Interest in the effects of climate change on the world is growing fast, prompting investors to seek more information on how much companies individually contribute to global warming, and what action each proposes to take.

The latest report from the Carbon Disclosure Project, which was established in 2000 to inform investors of the risks and opportunities presented by climate change and to raise awareness of its potential impact on company value, casts light on the current state of corporate disclosure of climate change risk. Its bullish headline finding (see page one) - that more companies are responding to the CDP's requests for information, and that while there will be losers, sectors such as biofuels will be winners - conceals a less sanguine picture.

Lack of disclosure remains the single biggest problem, the CDP says in its report published last month (others appeared in 2002, 2003 and 2005). The proportion of FT500 respondent companies that disclosed their emissions data this time round actually fell by four per cent to 73 per cent. Overall, the project yielded emissions data for 48 per cent of the FT500, compared with 54 per cent in CDP 3. Among the reasons given are the absence of 'adequate greenhouse gas measurement systems and protocols in the management framework of some companies', and 'lack of legislation requiring emissions disclosure'.

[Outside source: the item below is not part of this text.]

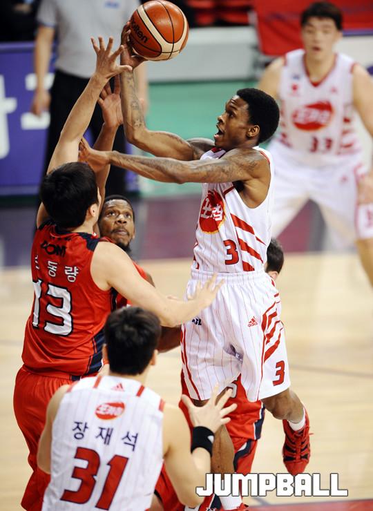 오리온의 전력상승 요인이라면 역시 최진수의 합류를 들 수 있다. 5라운드 막판 상무에서 전역한 최진수는 팀 전력을 더 강하게 해줄 카드로 평가받았다. 202cm의 큰 신장에 외곽공격까지 가능한 최진수는 국가대표에도 선발된 적이 있는 선수다. 복귀 초기에는 최진수의 활약이 미미했다. 팀 시스템에 녹아들지 못 하는 모습이었다. 아무래도 환경이 달랐다. 상무에서는 4번으로 뛰었지만, 오리온에선 3번으로 뛰는 시간이 더 많았다. 또 외국선수가 둘이 뛰는 상황에서 최진수는 기존에 해오던 공격적인 모습보다는 도우미 역할을 더 많이 해야 했다. 최진수 역시 6강 플레이오프를 치르며 적응을 하는 모습이었다. 외곽에서 3점슛을 터뜨렸고, 신장을 이용해 제공권 싸움에 힘을 보탰다. 이번 시리즈에선 양동근 수비를 성공적으로 해내며 승리를 견인했다. 정통센터가 없는 오리온은 최진수의 가세로 높이의 약점을 보강할 수 있었다. 도움블록으로 상대에 충분한 위협을 준 최진수다.

The data also suggests that companies 'may be less willing to publicly disclose details of their emissions profile' because of the growing financial importance of greenhouse gas emissions management for some industrial sectors.

A second problem is the orderless character of company reporting. This is not simply a question of information cropping up in different places, either in the annual or the sustainability report, but of data comparability. 'Emissions reported ranged from simply how much energy was used at company headquarters to a full accounting of direct, indirect and business travel-related emissions ... there still remains a dearth of companies that provide details regarding the boundaries of their emissions reporting,' the CDP says.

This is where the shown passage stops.